RESULTS: The data showed that the immediate tumor response to RT was better in the CAIR group than in the CR group. Efficiency rates (CR plus PR) were 82.8% (24/29) and 58.6% (17/29), respectively (P = 0.047). In both groups the incidences of esophagitis and tracheitis were insignificant (P = 0.376, 0.959), and no patient received toxicity that could not be tolerated.
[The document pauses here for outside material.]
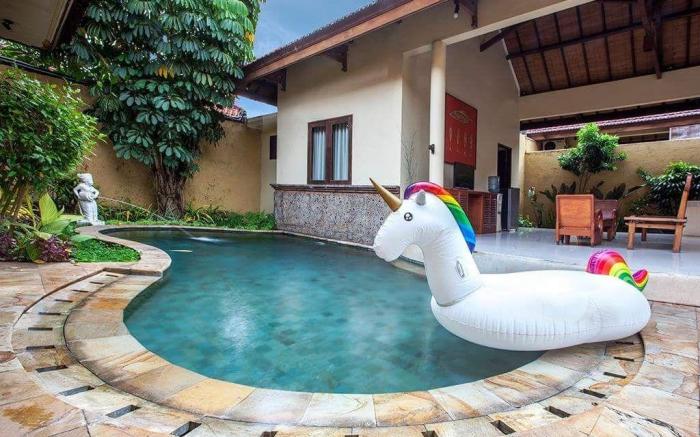 1 BR PRIVATE POOL VILLA AT SEMINYAK KUNTI KUTA provides flawless service and all the necessary facilities for visitors.Maintain seamless communication using the complimentary Wi-Fi at private villa.For visitors traveling by automobile, complimentary parking is available. For visitors wishing to smoke, designated smoking zones can be found.At 1 BR PRIVATE POOL VILLA AT SEMINYAK KUNTI KUTA, every guestroom is provided with convenient amenities and fittings to ensure a comfortable stay. Enhance your experience at private villa with the knowledge that certain rooms are equipped with linen service and air conditioning for your convenience. Certain rooms boast in-room amusement features such as television and cable TV, offering guests an enjoyable stay. In select rooms within the private villa, a coffee or tea maker, instant coffee and instant tea is available to cater to your requirements when desired. In the private villa, certain guest bathrooms come equipped with essential bathroom amenities, such as a hair dryer and toiletries, ensuring a comfortable stay for guests. Begin your day carefree at 1 BR PRIVATE POOL VILLA AT SEMINYAK KUNTI KUTA, as complimentary breakfast is offered for your convenience. At 1 BR PRIVATE POOL VILLA AT SEMINYAK KUNTI KUTA, guests can take pleasure in the delightful recreational amenities provided for their entertainment. Conclude your holiday experience perfectly by visiting hot tub before you depart.Be sure to drop by the pool at private villa at least once during your stay.

CONCLUSION: CAIR shortens overall treatment time and is well tolerated by patients. It may be superior to CR in enhancing the local response of tumor, but its remote effect for esophageal carcinoma awaits further follow-up.
- Citation: Sun SP, Liu YZ, Ye T, Zhang W, Shen WB, Shi JL, Xu HT, Wang WD. Randomized clinical trial on seven-day-per-week continuous accelerated irradiation for patients with esophageal carcinoma: Preliminary report on tumor response and acute toxicity. World J Gastroenterol 2006; 12(43): 7047-7050
- URL: https://www.wjgnet.com/1007-9327/full/v12/i43/7047.htm
- DOI: https://dx.doi.org/10.3748/wjg.v12.i43.7047
Esophageal carcinoma, especially in China, is one of the most common cancers. Its treatment results are rather dismal, with 5-year survival rates of about 5%-10% for conventional radiotherapy (CR)[1,2]. The poor prognosis is the result of both, local residual disease and early disease relapse. Thus for esophageal carcinoma, local control is the most important factor in prolonging survival[3]. Several animal experiments and clinical investigations have shown that accelerated repopulation of surviving tumor clonogens during a standard course of RT is one of the major reasons for treatment failure in several cancers[4-6]. Some clinical trials of accelerated hyperfractionated RT have been carried out with the aim of overcoming this problem by shortening the overall treatment time. Some reports have already suggested improvement in local control and survival rates, but at the expense of increasing acute toxicity, particularly with the faster schedule[6-8]. In recent years, another RT schedule has been used to treat head and neck cancer. The idea was simple-to continue radiation during the weekends. In this way, the overall treatment time has shortened for about two weeks, giving one fraction per day, seven days a week (including Saturday and Sunday), without any change of the other parameters as time or dose. This schedule was defined as a continuous accelerated irradiation (CAIR) and has been compared to conventional five days treatment in a randomized prospective study for head and neck cancer[9]. Using this RT schedule, patients with esophageal carcinoma were treated and our study aimed to evaluate tumor response and normal tissue toxicity.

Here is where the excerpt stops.